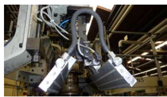
GRM4 unit installed on Battenfeld® equipment.
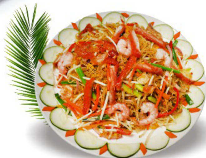
BEST SELLER T02 Curry Bihon "Singapore Style" 星州炒米 448.00
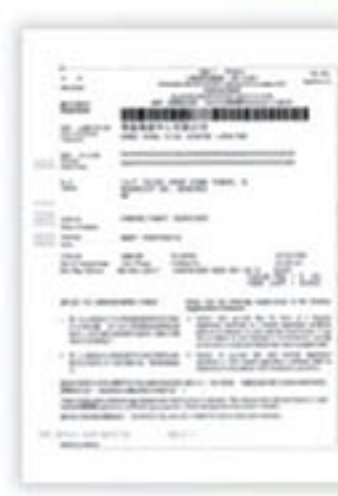
Updated Business Registration Certificate
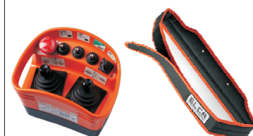
TRASMITTENTE CINGHIA MARSUPIO
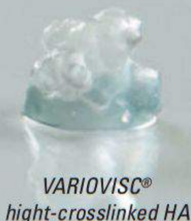
VARIOVISC® high-crosslinked HA
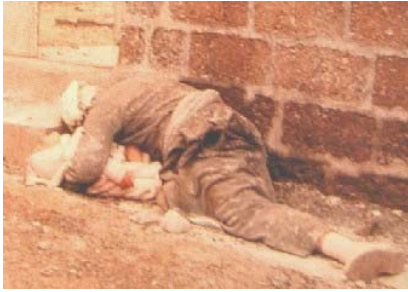
Halabja - March 16, 1988
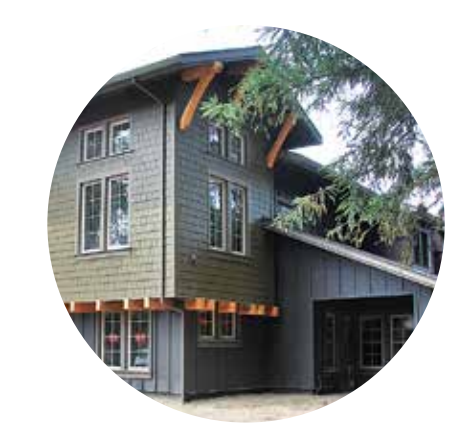
Sun House Senior Apts - 42 units Grand opening August 10, 2017! Featuring a dog run, garden beds & solar panels. Ukiah CA | Built - 2017
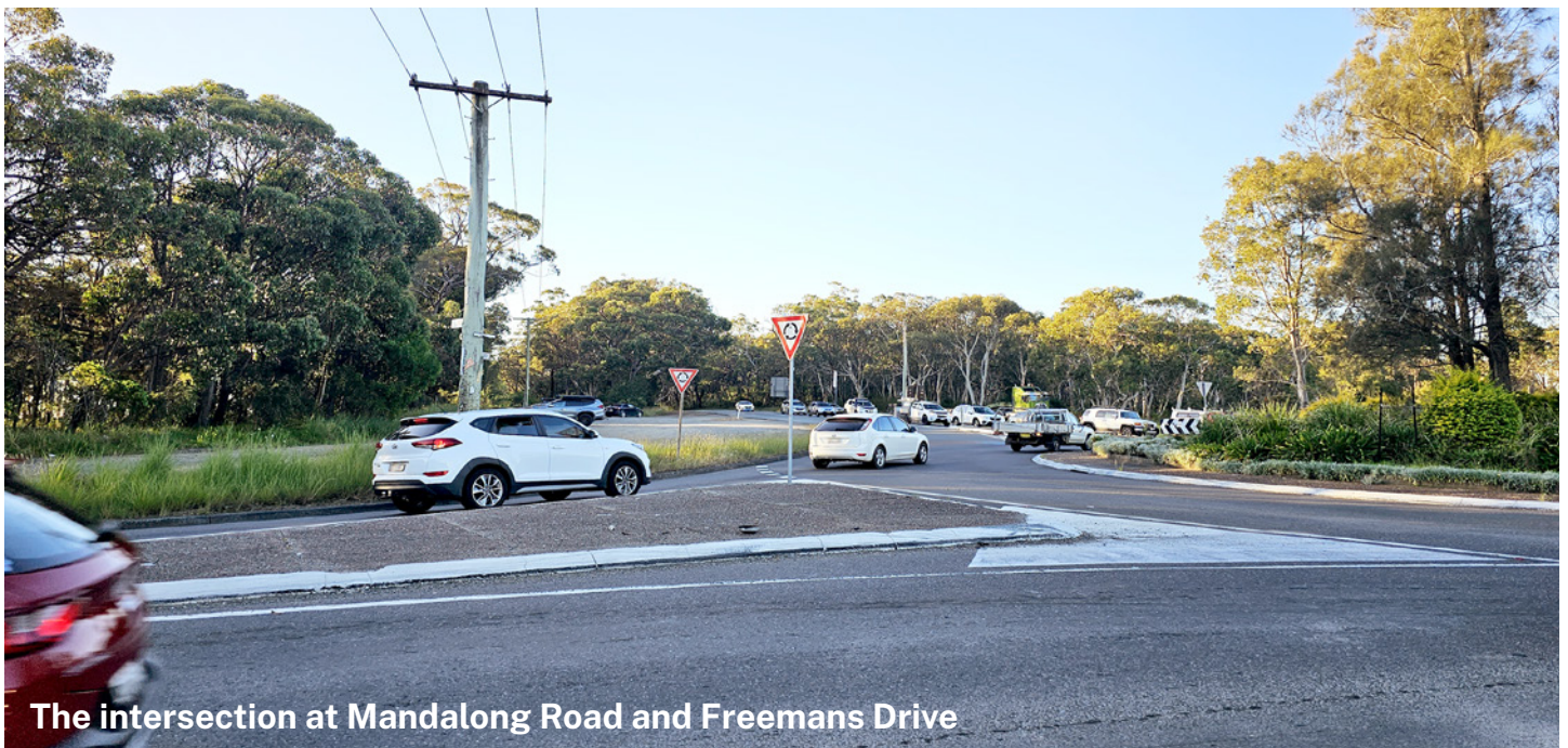
The intersection at Mandalong Road and Freemans Drive

A Review of Environmental Factors (REF) has been prepared and published for the Mandalong Road upgrade to identify potential impacts and proposed mitigation measures.
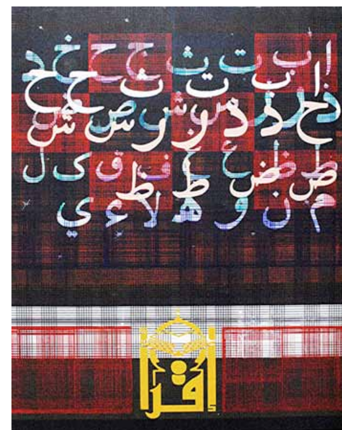
Iqra' . 122cm x 152cm . Acrylic on Canvas . 2010
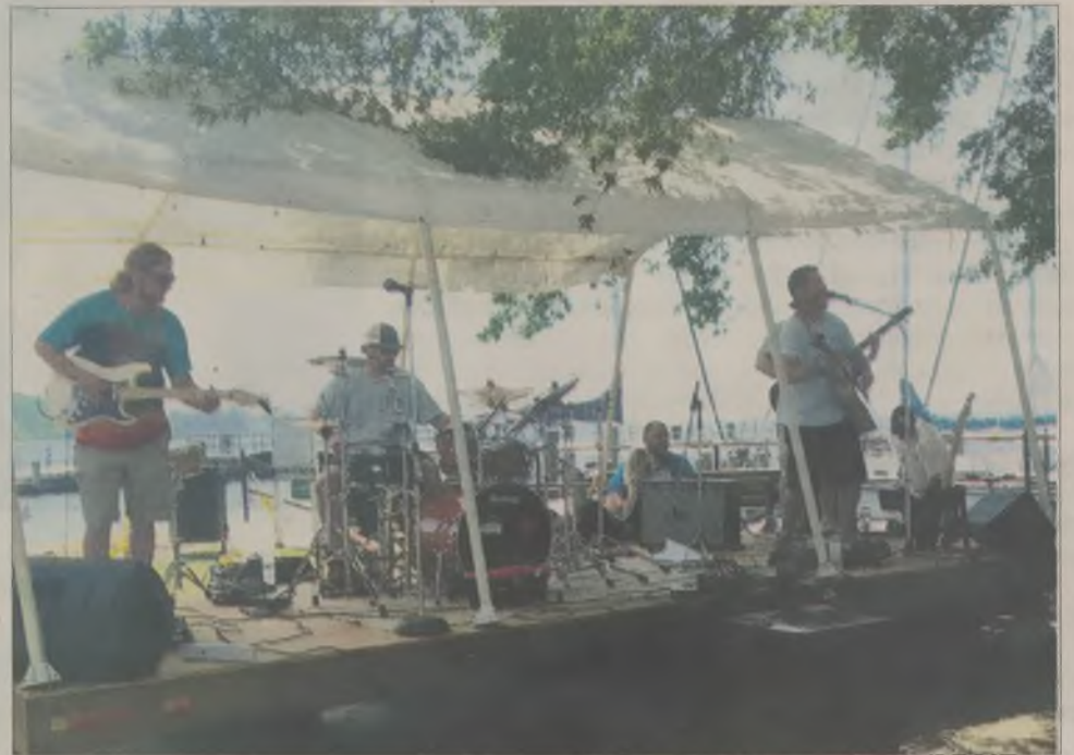
Drunken Confessions performs Saturday during Edenton Music and Water Festival.

that the weather had a hand in making the Music and Water Festival a great success.
-=-=-
### THE PROBLEM
When copying the entries above, keep each word as it is and exclude any image.

### WRITTEN RESPONSE
GRM4 unit installed on Battenfeld® equipment.
BEST SELLER T02 Curry Bihon "Singapore Style" 星州炒米 448.00
Updated Business Registration Certificate
TRASMITTENTE CINGHIA MARSUPIO
VARIOVISC® high-crosslinked HA
Halabja - March 16, 1988
Sun House Senior Apts - 42 units Grand opening August 10, 2017! Featuring a dog run, garden beds & solar panels. Ukiah CA | Built - 2017
The intersection at Mandalong Road and Freemans Drive

A Review of Environmental Factors (REF) has been prepared and published for the Mandalong Road upgrade to identify potential impacts and proposed mitigation measures.
Iqra' . 122cm x 152cm . Acrylic on Canvas . 2010
Drunken Confessions performs Saturday during Edenton Music and Water Festival.

that the weather had a hand in making the Music and Water Festival a great success.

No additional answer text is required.